Joke #5206: The Final Exam

During the final exam, the professor noticed that Billy Walters kept looking at his hand before writing down an answer on his test. This went on throughout the entire exam, leaving the professor no other choice than to interrogate the student’s test-taking habit. “Mr. Walters,” the professor began. “Is there something interesting written on your palm?”

“Not at all,” Billy replied. “It’s all pretty boring.”

Joke #5204: Broken Leg

“HOW DID IT HAPPEN?” the doctor asked the middle-aged farmhand as he set the man’s broken leg.

“Well, doc, 25 years ago …”

“Never mind the past. Tell me how you broke your leg this morning.”

“Like I was saying…25 years ago, when I first started working on the farm, that night, right after I’d gone to bed, the farmer’s beautiful daughter came into my room.
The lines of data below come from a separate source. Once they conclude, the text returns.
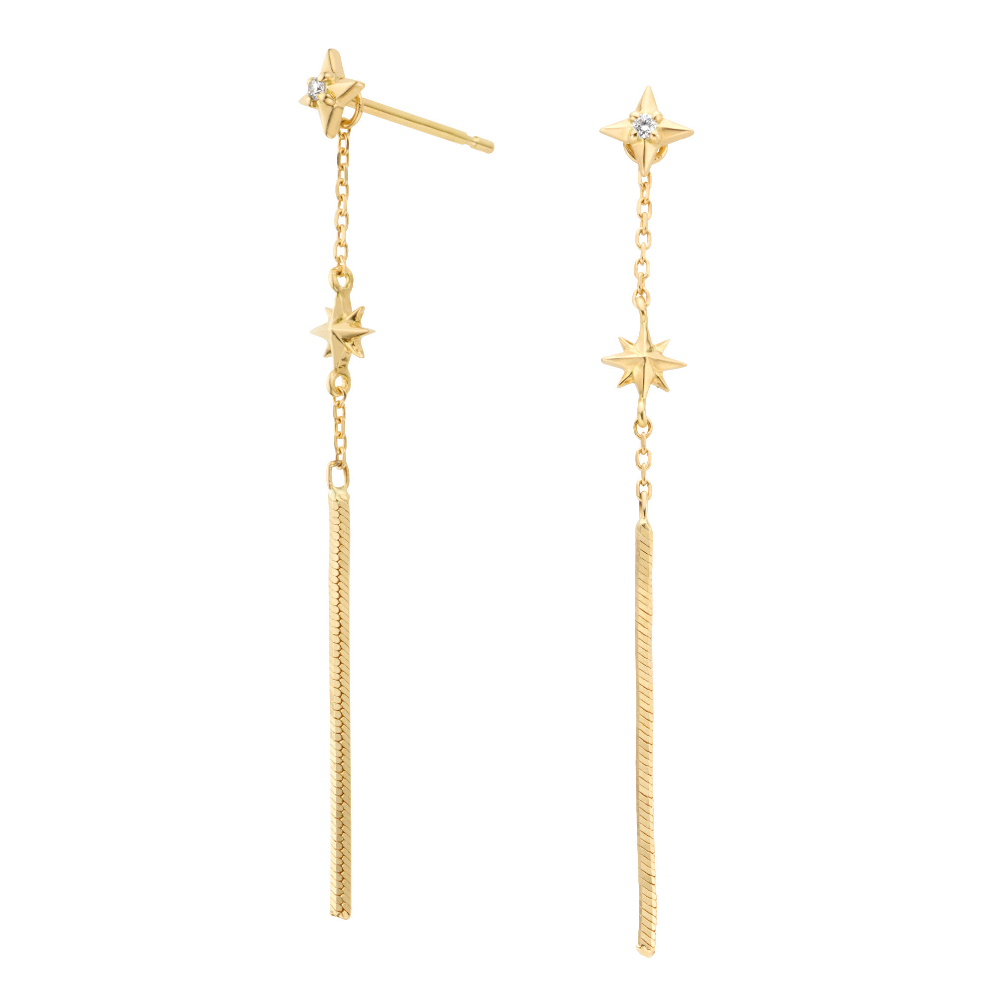 カットが施されたチェーンには繊細な煌めきのモチーフをあしらい、長さのあるデザインのアクセントに。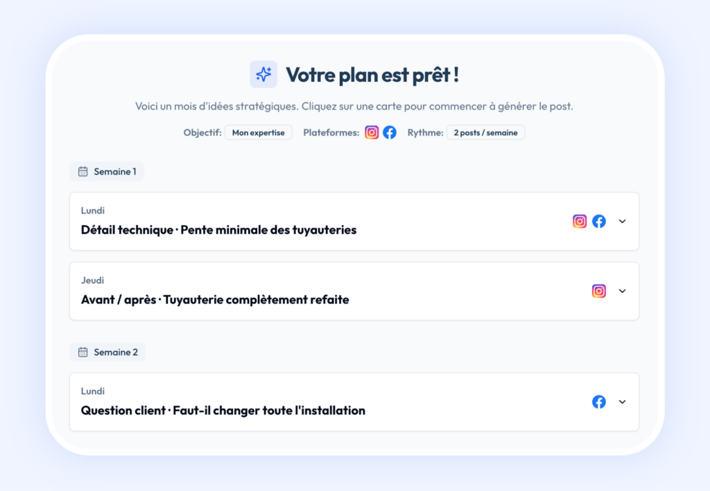 Indiquez votre métier, trouvez des idées et obtenez un post prêt à publier en quelques clics.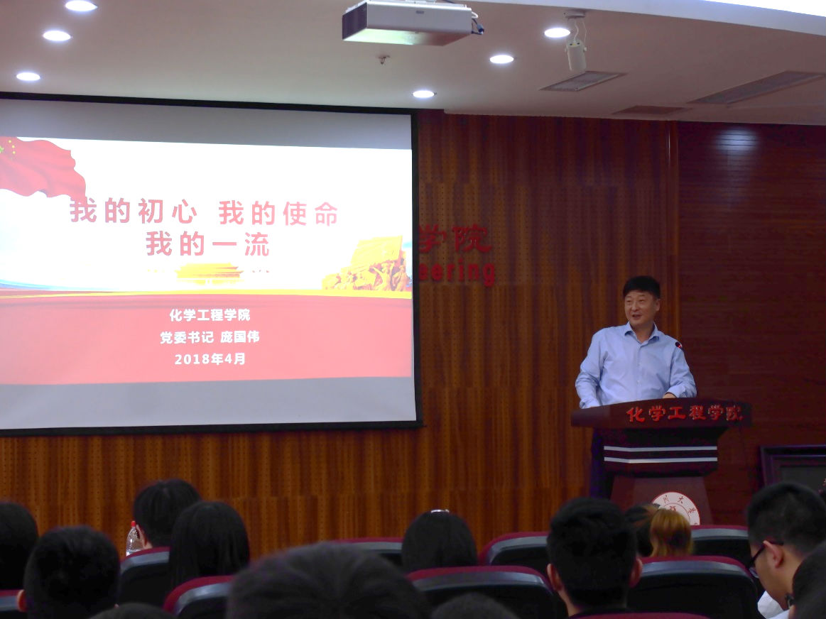 三是巩固活动效果,为师生主讲廉政党课。为了教育引导单位干部职工坚定共产党人初心和使命,始终把握正确育人方向,4月28日下午,化学工程学院党委书记庞国伟同志为学院师生以“我的初心、我的使命、我的一流”为题主讲廉政党课。庞书记从一个历史使命与“四个伟大”、一个重大思想:新时代中国特色社会主义思想、两个重要时期、两个阶段(“两步走”)、川大人的初心和使命和齐心协力,共创一流五个方面对“为中国人民谋幸福,为中华民族谋复兴”这个初心和使命进行了详细解读,并要求全体师生以永不懈怠的精神状态和一往无前的奋斗姿态,继续朝着实现中华民族伟大复兴的宏伟目标奋勇前进。
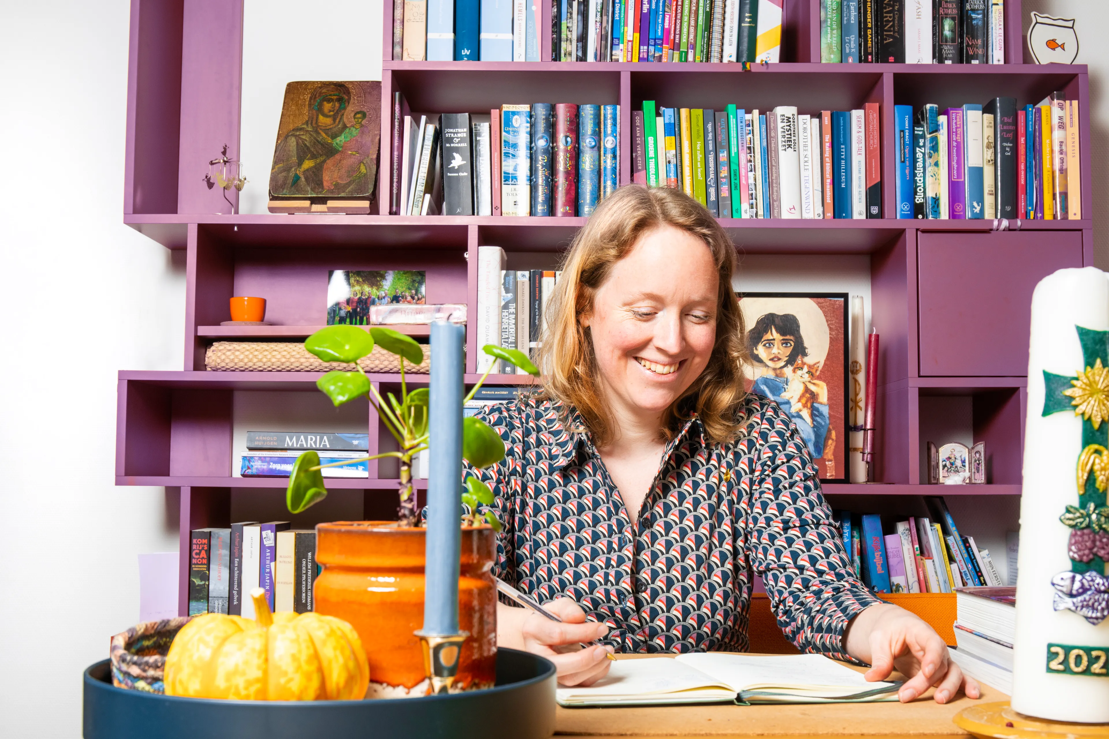 "We kennen onze buren en als ik naar buiten kijk, zie ik mensen voorbijkomen wier naam en verhaal ik ken. Dat verbindt me veel meer met de plek waar ik woon. En dat is fijn, want mijn werk speelt zich grotendeels in en rondom mijn huis af.” Ze onderbreekt haar woorden even om haar hand op te steken. “Zelfs de postbode ken ik!” Dan nuanceert ze: “Als predikant blijf je toch altijd een tijdelijke inwoner. Dat vind ik soms wel jammer; je bindt je nooit voor altijd aan één plaats.” Met een lachje: “Ik zou hier natuurlijk tot mijn pensioen dominee kunnen blijven, maar het is maar de vraag of mijn gemeente daar blij van wordt.”

She asked me if there was anything I wanted. I said, ‘No, everything is fine.’

‘Are you sure?’ she asked.

‘I’m sure.’

‘Isn’t there anything I can do for you?’

‘I reckon not,'”

“Excuse me,” said the doctor, “What does this story have to do with your leg?”

“Well, this morning,” the farmhand explained, “it dawned on me what she meant, and I fell off the roof!”